We demonstrate that terahertz-driven four-wave mixing (FWM) at glass surfaces provides direct access to low-frequency vibrational modes and structural evolution in amorphous solids.
Applied to a compositional series of PbO-silicate glasses (20-54 mol% PbO), this technique resolves distinct contributions from collective Boson-peak excitations and Pb-O / Si-O network stretching modes, and tracks their systematic evolution across structurally distinct compositional regimes.
The dominant vibrational frequency blueshifts with PbO content, reflecting the progressive evolution of the Pb$^{2+}$ network role from silicate-modifier to ward network-former.
A pronounced enhancement of the FWM signal near 44 mol% PbO coincides with the emergence of medium-range Pb-Pb correlations, while in-plane-to-out-of-plane FWM intensity ratio ($I_{\rm SS}/I_{\rm PS}$) tracks $\chi^{(3)}$ tensor anisotropy tied to Pb$^{2+}$ lone-pair spatial correlations.
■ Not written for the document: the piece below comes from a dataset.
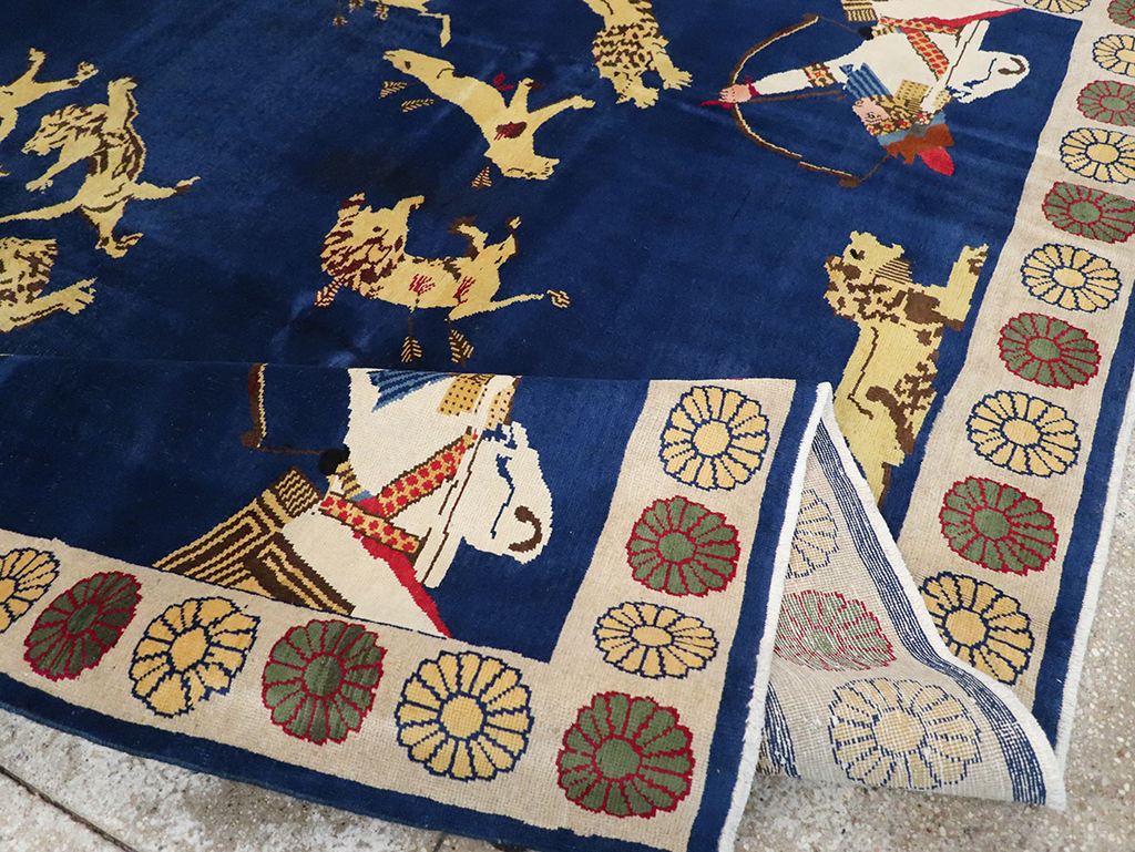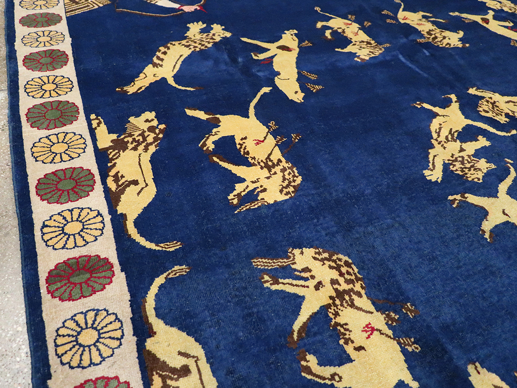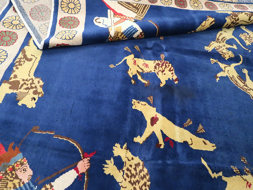 A vintage Turkish Kurd Pictorial rug. The dark blue ground of this finely woven pictorial carpet features four corner Achaemenid-style ancient Persian archers in half -length taking aim with drawn bows at a circle and center of tawny lions, some wounded by arrows, and pairs couchant at the cardinal points of the carpet. The narrow ivory border displays rosettes in yellow and red. The wounded lion appears on ancient Achaemenid stone relief.

The non-monotonic peak in both observables at 44 mol% PbO - a composition where NMR finds no change in local Pb-O coordination and Pb-O-Pb free-oxide linkages are negligible - provides direct evidence that a collective lone-pair reorganization occurs in the medium-range structure independently of nearest-neighbor bonding.
These results establish terahertz-driven FWM as a bulk-sensitive, near-surface depth-confined ($\sim$50 nm) nonlinear spectroscopy sensitive to vibrational and electronic structural fingerprints inaccessible to linear infrared, Raman, and terahertz time-domain probes.